Richard questioned Yul with a look.
“He’s toast,” the other man said, referring to Calabria.
“And the nanites?” Richard asked.
“Nothing but slag.”
That was good enough for Richard. They piled into the Porsche, which drove up onto the sidewalk to execute a tight U-turn before accelerating back toward their safe house in Trastevere. Police cars and fire trucks, their emergency lights flashing, raced past them as they left the cardinal’s scorched ashes behind. Richard slumped back into the passenger seat while Nicole and Yul congratulated themselves on the success of their mission. They had been shadowing Calabria for hours, with the help, ironically enough, of a clairvoyant nun who was one of the original 4400, just waiting for their designated target to leave the safety of the Vatican. Tonight all their efforts had paid off.

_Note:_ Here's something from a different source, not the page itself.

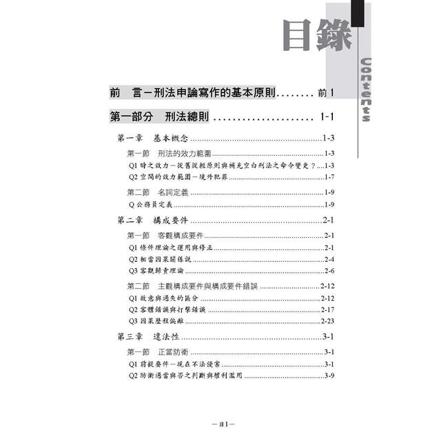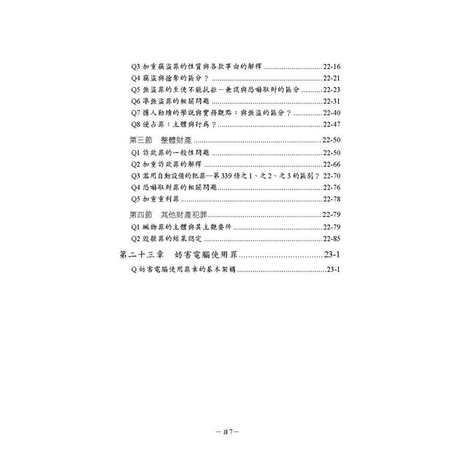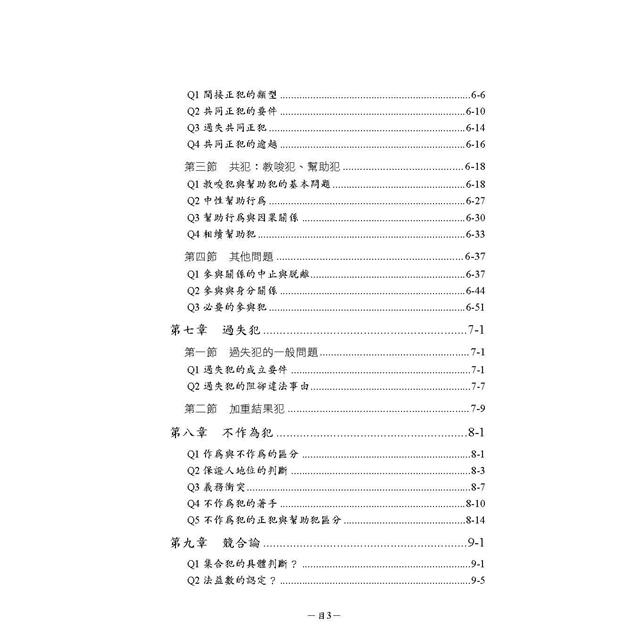 很快的一年又過了,又來到了一年一度改版的時刻了,這次的改版,一樣是例行性的題目增刪,增加的題目共計27題,原稿34頁,約3萬2千字,都是這一年來新的國考考題;同時因為從明年(2024)起,高考行政類廢考刑總,因此這次改版也刪除了不少高考行政類過度困難的考題,讓這本書更能符合一般四等考試族群的需求。另外,也有部分題目配合法律的增修(例如:妨害性隱私及不實性影像罪章)以及新的法律見解(例如:112憲判字第8號、免除罪責的緊急避難)加以改寫,讓舊有的考題能跟上最新的法律見解。

So why don’t I feel more euphoric?
Richard wondered. His face stung where the Italian girl had scratched him. Unlike his new comrades, he felt more deflated than elated by tonight’s events. Vengeance turned out to have a bitter aftertaste. He couldn’t help remembering that the real Emanuel Calabria had perished along with the insidious invader occupying his body. He wished there was some way to free the innocent victims of the
Marked instead of simply killing them, but, according to Collier, that was not the case. The only way to eliminate the threat of the Marked was killing them along with their hosts. Richard sighed at the bloody road ahead of him.
One down. Six more to go.
M
ARCO POPPED INTO
the morgue—literally.
One minute the tardy genius was nowhere to be seen. The next, he suddenly appeared between Tom and Diana as they waited for him in NTAC’s private medical facility. Floppy brown hair needed combing. Intelligent brown eyes peered out from behind a pair of horn-rimmed black glasses. He wore a tweedy jacket over a faded concert T-shirt. “Sorry I’m late.”
“Marco!” Diana blurted, startled by his abrupt manifestation. She clutched her chest to quiet the racing of her heart. “You know you’re not supposed to do that. Especially not at work.”
The endearingly nerdy analyst had gained the ability to teleport after surviving fifty/fifty. Pretty much everyone at NTAC knew what he could do, but public displays of promicin abilities were strongly discouraged. Diana shook her head in disapproval. Marco knew better than to ’port around like that. What if some higher-up from D.C. was visiting?
“I know,” he admitted. “But it’s just so convenient. And I didn’t want to keep you folks waiting.” He glanced around the sterile, stainless-steel morgue. “So what did I miss?”